Poor performance migrating storage between sites

frank.parry · ‎02-02-2014

Infrastructure layout:

Site A:

EMC CX4-480 connected to two MDS 9509

Both 9509's are connected up to a single Nexus 5548 (each 9509 trunks their respective VSAN's to the 5548)

Between sites:

The Nexus 5548 in Site A connects via FCoE to a 5548 in Site B (10 Gb). The sites are separated by approximately 80-100 meters, if I had to guess.

Site B:

The 5548 for site to site connectivity, links up to another two 5548's, acting as MDS device (FC only). Both of these 5548's connect up to a new EMC VNX7600.

The issue:

Experiencing poor performance (and timeouts) when trying to transfer data from Site A to Site B.

I seem to have no issues with zoning, as I'm able to see the presented/masked LUNs from site to site from initiators on either side.

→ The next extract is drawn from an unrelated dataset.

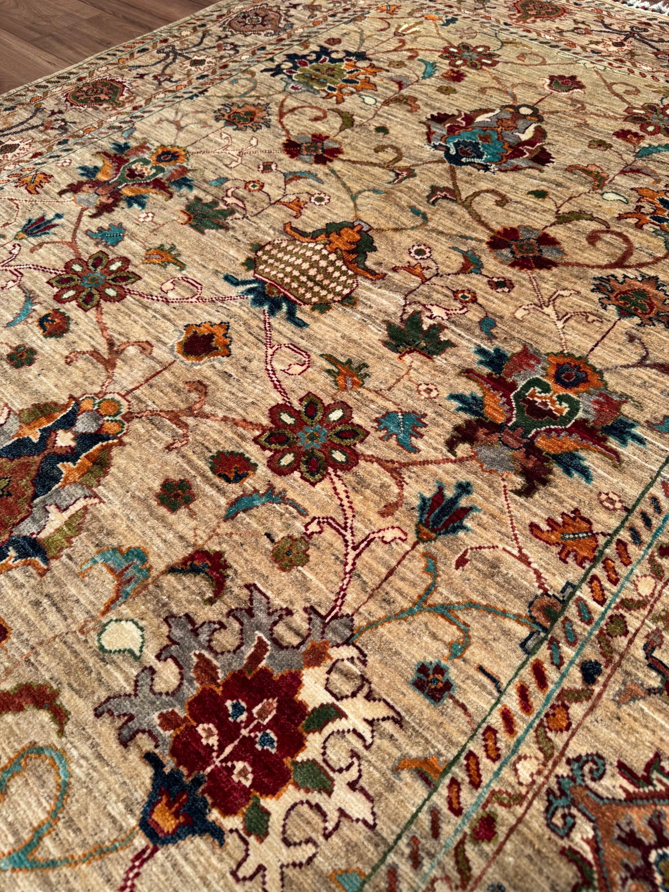 Sultani Binbirgece Orijinal El Dokuması Bej Kök Boya Yün Halı 152x196 2.98 Metrekare - 5x6 ft

My problem always occurs when the initiator is on the "Site A" side, attempting to transfer data to Site B. If I use an initiator on the Site B side to access storage from Site A, I have NO issues.

Example:

If I use EMC's "SAN Copy" in a "Pull" method (using the VNX as the initiator and the CX4 as the target), I can transfer data at the expected speeds. A 200 GB LUN transferred in about 30 minutes.

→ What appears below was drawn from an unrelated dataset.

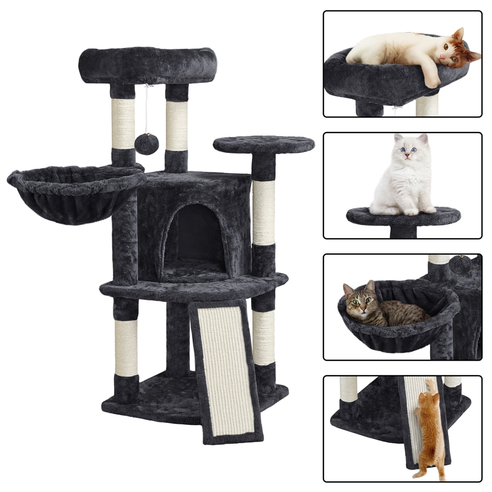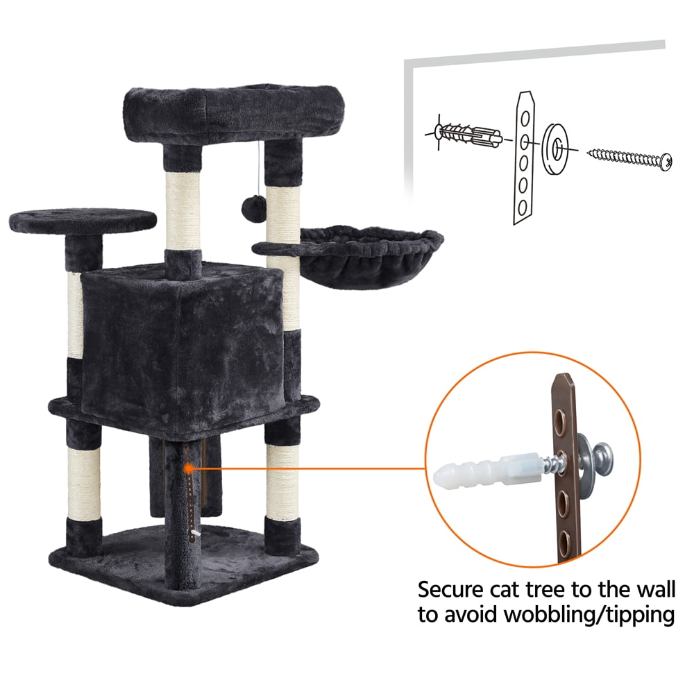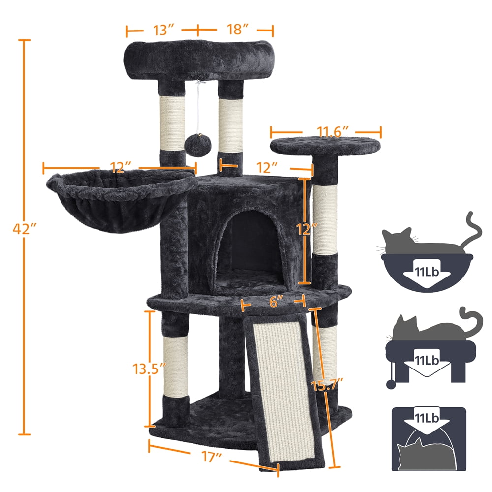 Renwick Professional Cat Tree Plush Cat Tower with Basket for Indoor Small Kittens, Black: Material: Particleboard, plush, sisal rope, metal, paper tube, and plastic Color: Black Overall size: 17 x 17 x 42inch (L x W x H) Condos size: 12 x 12 x 12inch (L x W x H) Scratching board size: 15.7 x 6inch (L x W) G.W.: 22.5lb N.W.: 20.7lb Note:Please allow ±0.5inch error due to manual measurement. Residential Use Assembly required

If I used SAN Copy in "Push" mode (using CX4 as the initator and the VNX as the target), my tranfers peek at 5 Mbps and average between 1-2 Mbps. The same 200 GB LUN took nearly 4 hours to transfer.

Can anyone make sense of why there is such a great difference in performance/bandwidth when the initiators/targets are flipped? I'm a bit of a beginner on the FC and FCoE side, so I'm unsure of what to look at first.

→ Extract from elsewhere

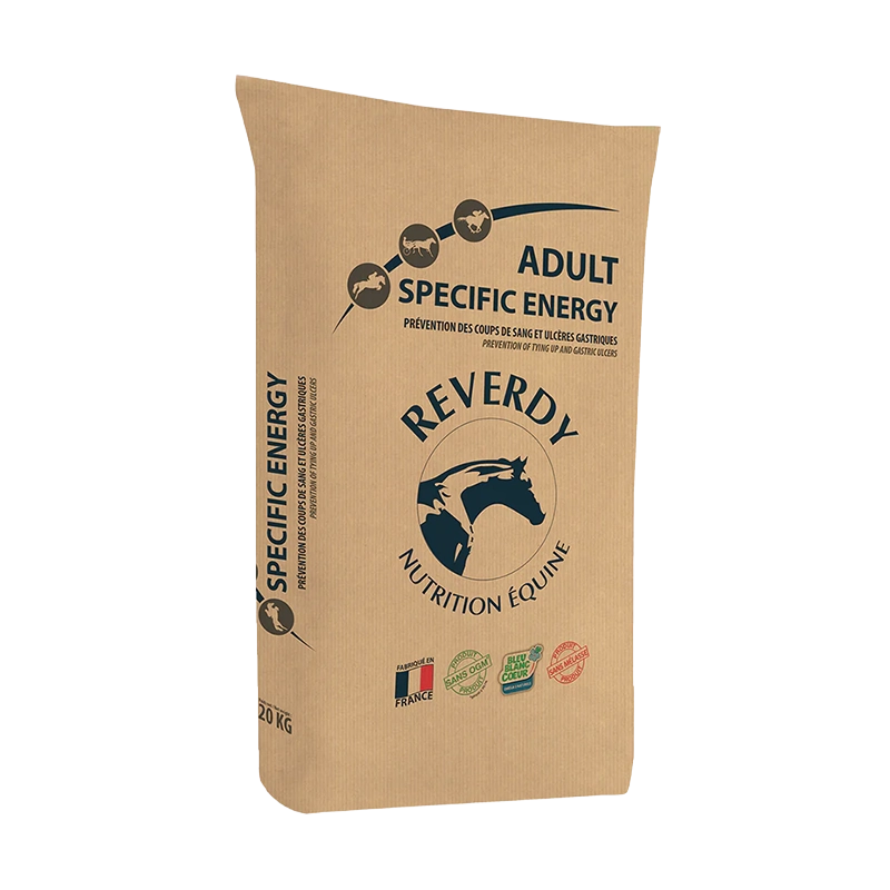 Reverdy Specific Energy, Pelletiertes Futter für erwachsene Pferde, die anfällig für Kreuzverschlag und Magengeschwüre sind.

Thanks very much for any assistance.

frank.parry · ‎02-03-2014

I should also mention that all connections are FC, aside from the links between buildings which is FCoE.

The problem is also not specific to SAN Copy (I just used it as an example). We experience the same type of delays/timeouts when trying to create or mount a datastore (VMware), if the host sits in Site A and is using the VNX in Site B. If a host is in Site B and tries to connect back to datastores from Site A, there is no issue accessing storage.

Walter Dey · ‎02-06-2014

This is indeed a strange design, not following best fibrechannel best practise of 2 separate fabrics a and b.

why not connecting MDS site A to N5K site B (fabric a) and same for fabric b. I would anyway not do FCoE, but FC end to end.

your 2 N5k for site interconnectivity are single point of failures, and could in fact also become a bootleneck.

I would check BB credit counter on the trunk links.